INVERTEBRATE CONSERVATION AND ZOOS

Animal conservation programs have traditionally been dominated by “charismatic” vertebrate species.¹⁸ The International Union for the Conservation of Nature (IUCN) has evaluated the conservation status of 100% of the 9932 avian species it currently recognizes and 99% of the 4842 mammalian species, but less than 0.3% of the over 1 million currently described invertebrate species have been evaluated. Although most authorities believe that the real number of invertebrate species is likely 6 to 10 million,^15,24 others estimate the number may be as high as 80 million.^56,57 Whatever the actual figure, we may not even be certain to within an order of magnitude of the true number of these species.^22,23

Conservation is usually defined as the “preservation of biodiversity,”²⁴ and the World Conservation Strategy¹⁷ proposed this as one of the three basic objectives of conservation. Ignoring invertebrate species in zoo programs could reduce the meaning of our work in fulfilling the definition of conservation. It is hoped that zoos will continue to expand their captive conservation programs to include a broader cross section of the animal kingdom, including invertebrates.³⁵

Although the educational use of invertebrates to illustrate the importance of preserving biodiversity probably remains their main contribution at present, zoos are also involved with some captive breeding of endangered invertebrate taxa for potential future reintroduction programs.^13,36–38 Invertebrate captive breeding may be more economical than breeding of vertebrates because they have a shorter generation interval and higher yield. Therefore, invertebrates may be a convenient means of boosting a zoologic institution’s captive breeding contribution for minimal cost. Unfortunately, maintaining viable, self-replicating captive colonies is often not sufficient to ensure the success of reintroduction programs.^13,18

Also, it remains to be seen how this definition of conservation, as the preservation of biodiversity, will affect wildlife veterinarians when dealing with parasites that may be even more endangered than their more charismatic hosts. There has already been debate on lethal side effects of relatively nonspecific treatments, such as the macrocyclic lactones, on minimally pathogenic but often extremely host-specific parasites, such as avian Mallophaga lice,³⁵ not to mention nontarget species such as endangered dung beetles. In the future the conservation biology community may criticize veterinarians’ sometimes indiscriminate use of these treatments.

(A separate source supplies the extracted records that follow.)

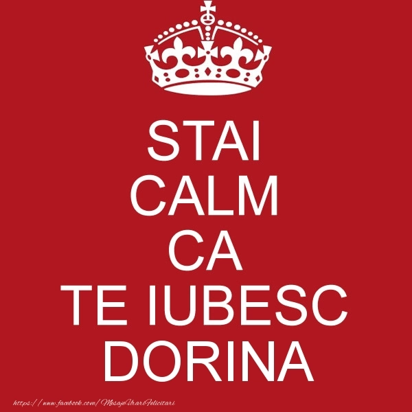 Această felicitare cu un mesaj KEEP CALM - STAI CALM din colecția noastră de felicitari de dragoste cu numele Dorina are o notă de originalitate și îți oferă ocazia să faci o persoană să se simtă specială datorită faptului că acolo este numele ei. Felicitarea se poate descărca gratuit sau se poate trimite prin Whatsapp, Facebook, Twitter, Pinterest. Imagine de iubire cu un mesaj KEEP CALM - STAI CALM cu dimensiunile 600px x 600px și cu textul STAI CALM CA TE IUBESC Dorina!.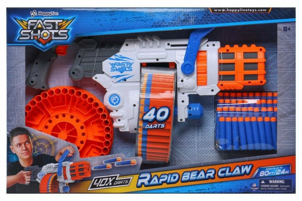Fast Shots Hulk Raider Set With 40 Foam Darts And 1 Barril Fast Shots όπλα αφρού! Σου δίνουν την δυνατότητα να διασκεδάσεις με τους φίλους σου, να σκοπεύσεις από μακριά, να επαναφορτώσεις εύκολα και να πετύχεις τον στόχο σου πριν σε καταλάβουν. Ζήσε τον ενθουσιασμό της σκοποβολής και την πρόκληση…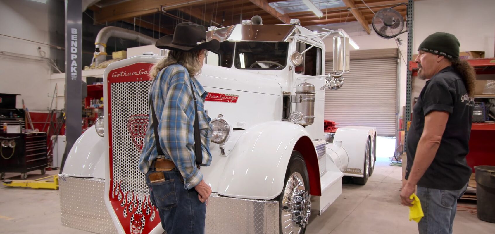 Turns out that the ’57 Kenworth that we haven’t seen since Season 4 has been locked up in storage in yet another Gotham Garage facility and Mark has been “secretly” working on it in his spare time. The plan for this semi-truck has been uncertain since the day he acquired it, outside of the notion that he wants to pay tribute to his father (seen above) and his trucking days. We always enjoy the moments when family has been brought onto the set (ie: Caveman’s Mom), it humanizes an otherwise standard RUSToration formula.

In regard to zoo-based invertebrate conservation programs, unfortunately, disease risk assessment, screening, and management lag behind vertebrate programs. Therefore, zoo veterinarians need to develop increased interest and involvement in maintaining the health of this significant portion of the animal kingdom.

PLANNING ACCORDING TO EXTINCTION THREATS

Recognition of the specific extinction threat causing a population to decline in its native habitat is essential to the success of any invertebrate captive breeding and reintroduction program. Conservation plans, captive management, and pathogen risk limitation need to be planned with this in mind. The most important threats are habitat loss or change, overkill, exotic species invasions, chains of extinction (decline in one species leading to declines or extinction in a host of other interdependent species), and nontarget pesticide effects.²⁶ Most conservation entomologists believe that habitat loss or change is the main global threat to inverte-brate biodiversity. Therefore, to be successful, captive breeding programs for reintroduction must be coupled with habitat conservation or modification programs.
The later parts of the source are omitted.